A transmitted signal is $X(f)=G_T(f)C(f)G_R(f)$, which needs to satisfy the Nyquist criterion for zero ISI. The raised cosine spectrum is one possible choice for $X(f)$. $G_T(f)$ determines the transmitted pulse shape, $C(f)$ is the channel (cannot control) and $G_R(f)$ is the receive filter. We can design the filters $G(f)$ to compensate for the channel at the transmitter, giving: $$|G_T(f)|=\frac{|X(f)|^\frac{1}{2}}{|C(f)|}$$ $$|G_R(f)|=|X(f)|^\frac{1}{2}$$ Alternately we can design to compensate for the channel at both the transmitter and receiver: $$|G_T(f)|=\frac{|X(f)|^\frac{1}{2}}{|C(f)|^\frac{1}{2}}$$ $$|G_R(f)|=\frac{|X(f)|^\frac{1}{2}}{|C(f)|^\frac{1}{2}}$$ The second design is optimal in terms of error probability for Gaussian noise. Both designs use $P(f)=X(f)^\frac{1}{2}$, called the Square Root Raised Cosine (SRRC), abbreviated to RRC. For baseband channels, the Nyquist criterion says that zero ISI can be achieved if the symbol transmission rate is $R\leq2W$, where $W$ is the channel bandwidth.
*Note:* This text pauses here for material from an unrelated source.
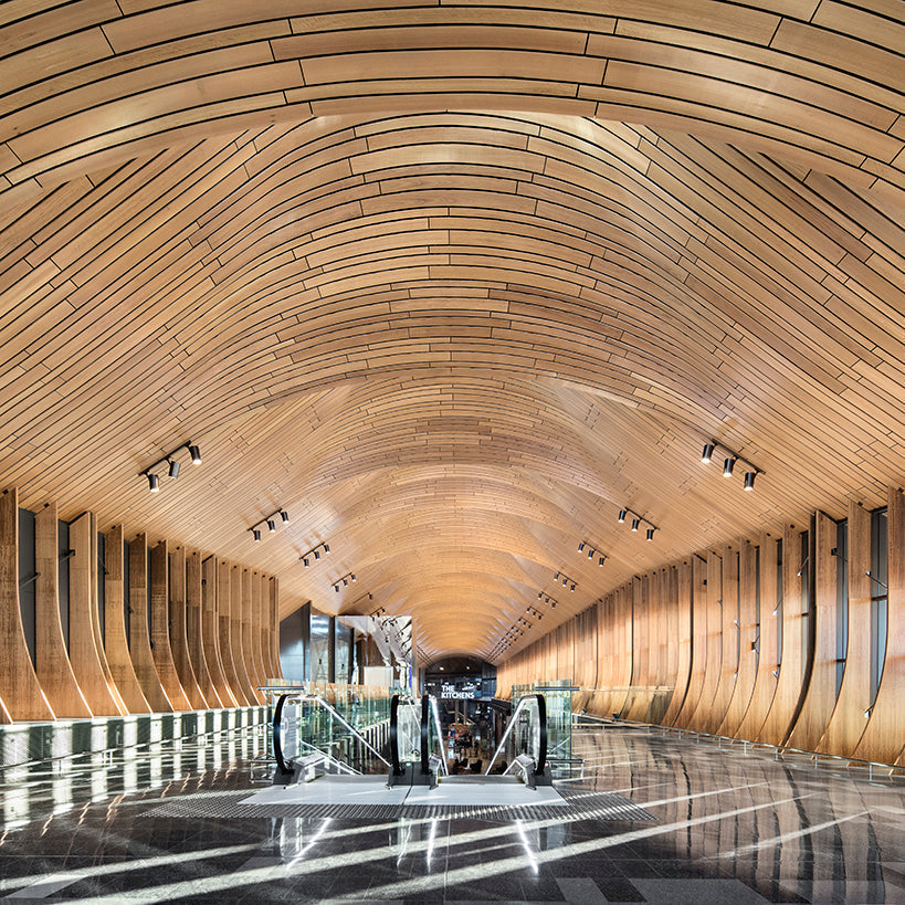 The structure is defined by a grand undulating roof resting above a new food lover’s hub below. The timber roof creates a dramatic space for market traders to host a variety of different local food, cooking and eating experiences.

For bandpass channels with bandwidth $W$, the previous analysis still holds if $s(t),c(t),z(t),r(t),y(t)$ are the complex baseband equivalents. In this case the Nyquist criterion says that zero ISI can be achieved if $R\leq W$ (due to different ways of defining bandwidth).

For bandpass channels, the Nyquist frequency equals the channel bandwidth $W$, so $\beta=0$ corresponds to a symbol rate at the Nyquist frequency with a rectangular spectrum of the sync pulse. For a larger $\beta$ we need bandwidth beyond the Nyquist frequency, hence for bandpass channels we have: $$W=\frac{1+\beta}{T}$$ Again, choosing the value of $\beta$ is a trade off between robustness against timing errors and transmission speed.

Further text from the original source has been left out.